*YOUR OBJECTIVE*
The data below should be transcribed in full, with no picture included.

*RECORDED DATA*

============================================================

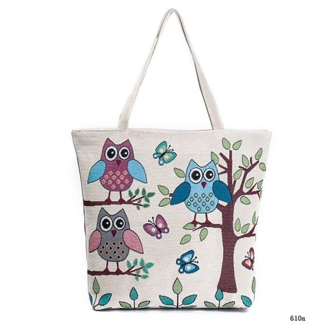Všetky milovníčky sovičiek určite poteší naša nová kolekcia plátených kabeliek. Kabelka sa zapína na zips a na výber máte zo 7 originálnych motívov.
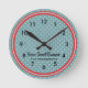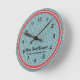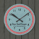 This battery powered wall clock is designed to be a stylish decor touch to any RV home, travel trailer or vacation cottage and doesn't require an electric source. Designed in a retro style pattern in shades of red and teal and ready for your own personalised text. See lots of coordinating items at Camp_and_Cottage at Zazzle.
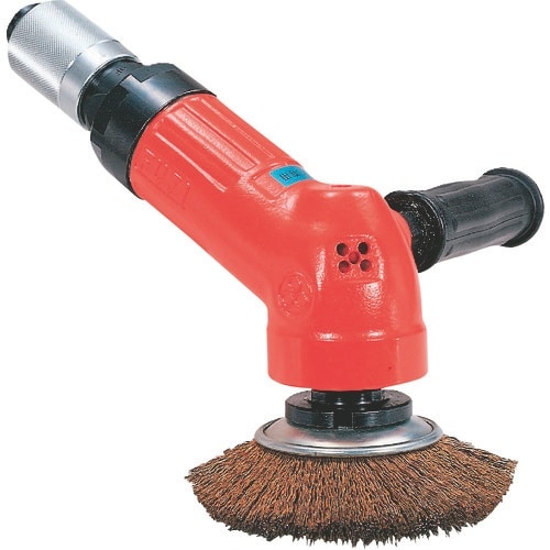 エアーの流れを見直したことによりパワフルな回転を実現しました。アングル角度120°で90°の標準タイプ型では困難な天井や壁面などの研削作業に最適です。金属などの研削・研磨に。 |

============================================================

*RESULT OF THE EXERCISE*
Všetky milovníčky sovičiek určite poteší naša nová kolekcia plátených kabeliek. Kabelka sa zapína na zips a na výber máte zo 7 originálnych motívov.
 This battery powered wall clock is designed to be a stylish decor touch to any RV home, travel trailer or vacation cottage and doesn't require an electric source. Designed in a retro style pattern in shades of red and teal and ready for your own personalised text. See lots of coordinating items at Camp_and_Cottage at Zazzle.
 エアーの流れを見直したことによりパワフルな回転を実現しました。アングル角度120°で90°の標準タイプ型では困難な天井や壁面などの研削作業に最適です。金属などの研削・研磨に。 |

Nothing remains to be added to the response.